» Instructions to follow
Word for word, please restate each record and pass over the pictures.
__________
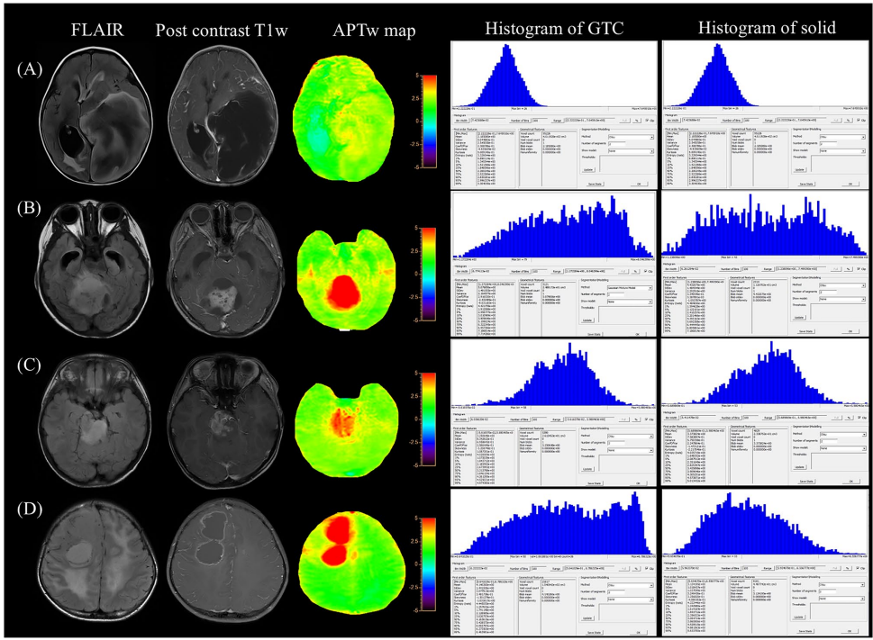 针对这一临床痛点,由Guisen Lin和Yijiang Zhuang领衔的研究团队在《BMC Cancer》发表了一项创新性研究。他们发现儿童与成人胶质瘤存在本质差异:成人低级别胶质瘤通常蛋白表达较低,而儿童pLGG却可能因微血管增生、蛋白丰富的微囊和粘液样物质导致蛋白浓度升高。这种"反常识"的生物学特性,使得直接套用成人APTw成像标准可能产生误导。研究团队由此提出科学假设:体积肿瘤APT直方图分析可能反映儿童胶质瘤的级别特征,但应用方式应与成人不同。
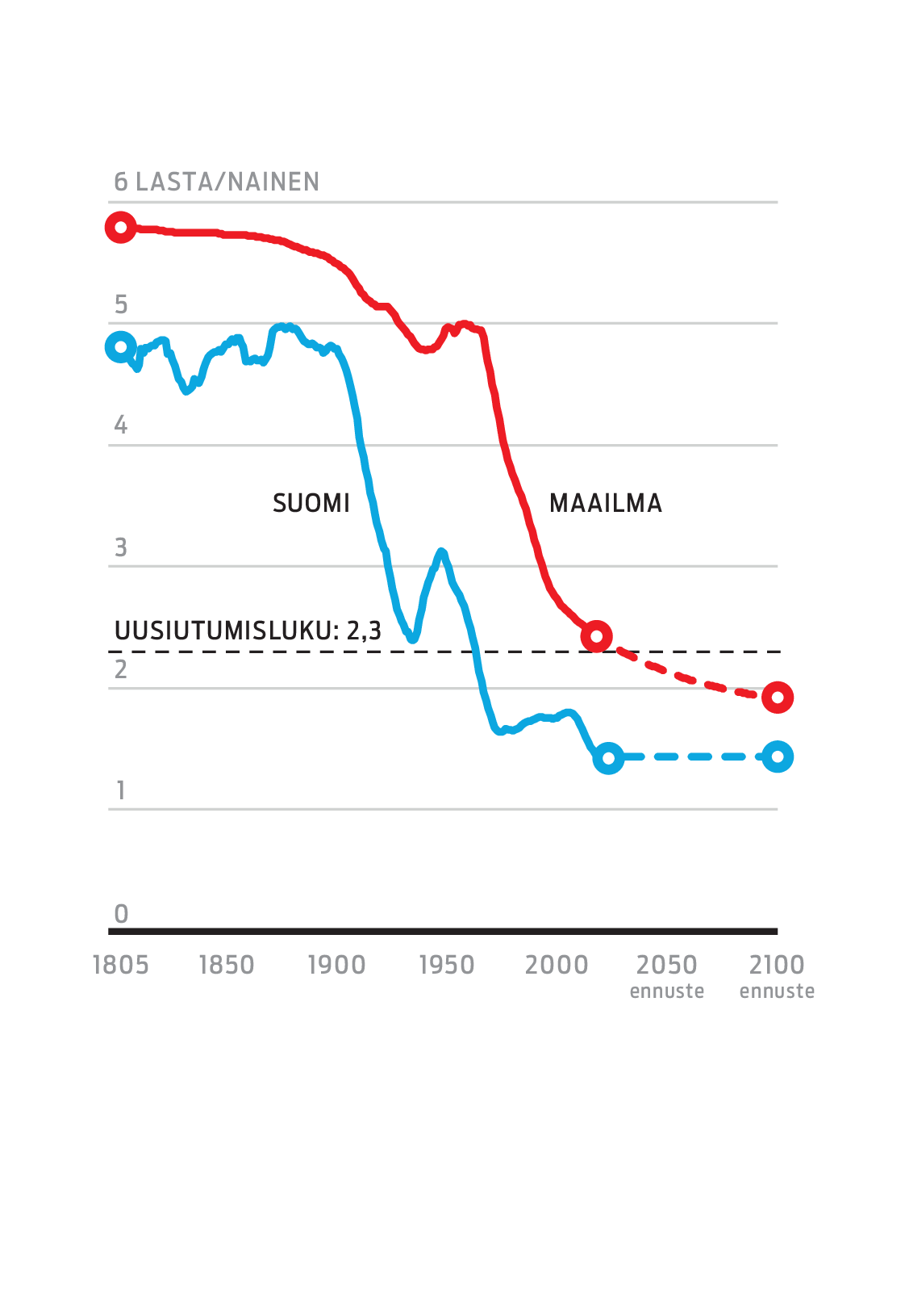 Syntyvyys on laskenut selvästi väestön uusiutumistason alapuolelle. Niin sanottu luonnollinen väestönkasvu on jo negatiivista: ihmisiä kuolee enemmän kuin syntyy. Väestö kasvaa edelleen positiivisen nettosiirtolaisuuden ansiosta. Suomeen siis muuttaa enemmän ihmisiä ulkomailta kuin täältä pois.
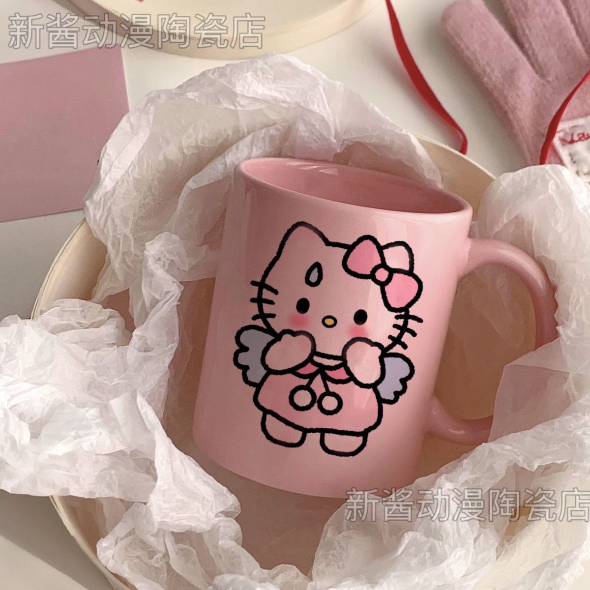 漫画ハローキティ ピンクセラミックカップカップinsマグカップ可愛い 可愛い セラミック蓋付き誕生日プレゼント
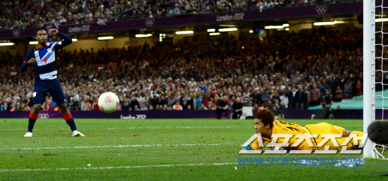 홍명보호가 4일 영국 카디프 밀레니엄스타디움에서 영국 단일팀과 8강전에서 격돌했다. 연장전까지 1대1 무승부 후 승부차기에서 골키퍼 이범영과 모든 키커들의 고른 활약으로 대한민국이 영국 단일팀에 5-4로 승리를 거뒀다. 영국의 5번째 키커 스투리지 다니엘의 슈팅을 막아내고 있는 이범영.
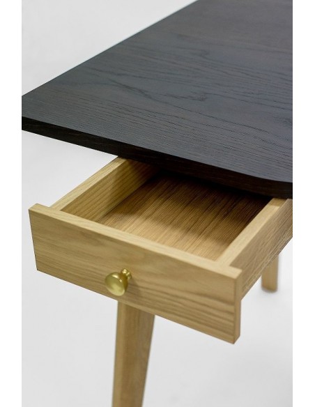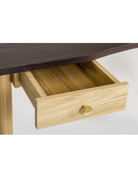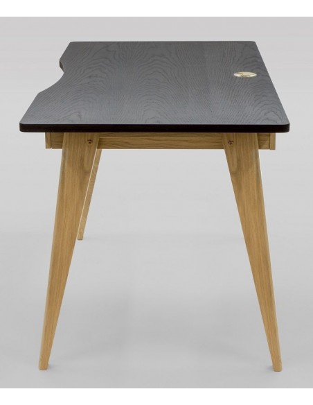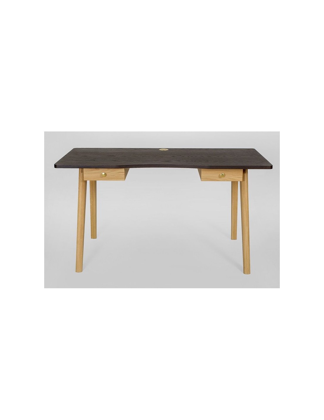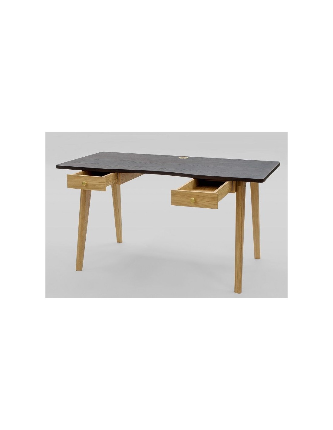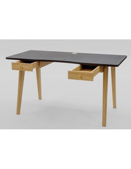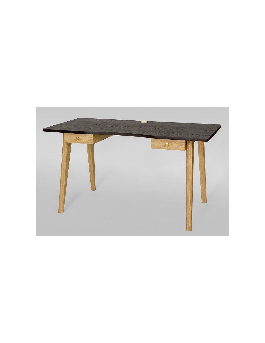 Skrivebord i et retro, men alligevel meget moderne design. Skrivebordet er udført i massiv eg og egefinér. Skrivebordet kommer med 2 skuffer og et kabelhul.
__________
» Result of the task
 针对这一临床痛点,由Guisen Lin和Yijiang Zhuang领衔的研究团队在《BMC Cancer》发表了一项创新性研究。他们发现儿童与成人胶质瘤存在本质差异:成人低级别胶质瘤通常蛋白表达较低,而儿童pLGG却可能因微血管增生、蛋白丰富的微囊和粘液样物质导致蛋白浓度升高。这种"反常识"的生物学特性,使得直接套用成人APTw成像标准可能产生误导。研究团队由此提出科学假设:体积肿瘤APT直方图分析可能反映儿童胶质瘤的级别特征,但应用方式应与成人不同。
 Syntyvyys on laskenut selvästi väestön uusiutumistason alapuolelle. Niin sanottu luonnollinen väestönkasvu on jo negatiivista: ihmisiä kuolee enemmän kuin syntyy. Väestö kasvaa edelleen positiivisen nettosiirtolaisuuden ansiosta. Suomeen siis muuttaa enemmän ihmisiä ulkomailta kuin täältä pois.
 漫画ハローキティ ピンクセラミックカップカップinsマグカップ可愛い 可愛い セラミック蓋付き誕生日プレゼント
 홍명보호가 4일 영국 카디프 밀레니엄스타디움에서 영국 단일팀과 8강전에서 격돌했다. 연장전까지 1대1 무승부 후 승부차기에서 골키퍼 이범영과 모든 키커들의 고른 활약으로 대한민국이 영국 단일팀에 5-4로 승리를 거뒀다. 영국의 5번째 키커 스투리지 다니엘의 슈팅을 막아내고 있는 이범영.
 Skrivebord i et retro, men alligevel meget moderne design. Skrivebordet er udført i massiv eg og egefinér. Skrivebordet kommer med 2 skuffer og et kabelhul.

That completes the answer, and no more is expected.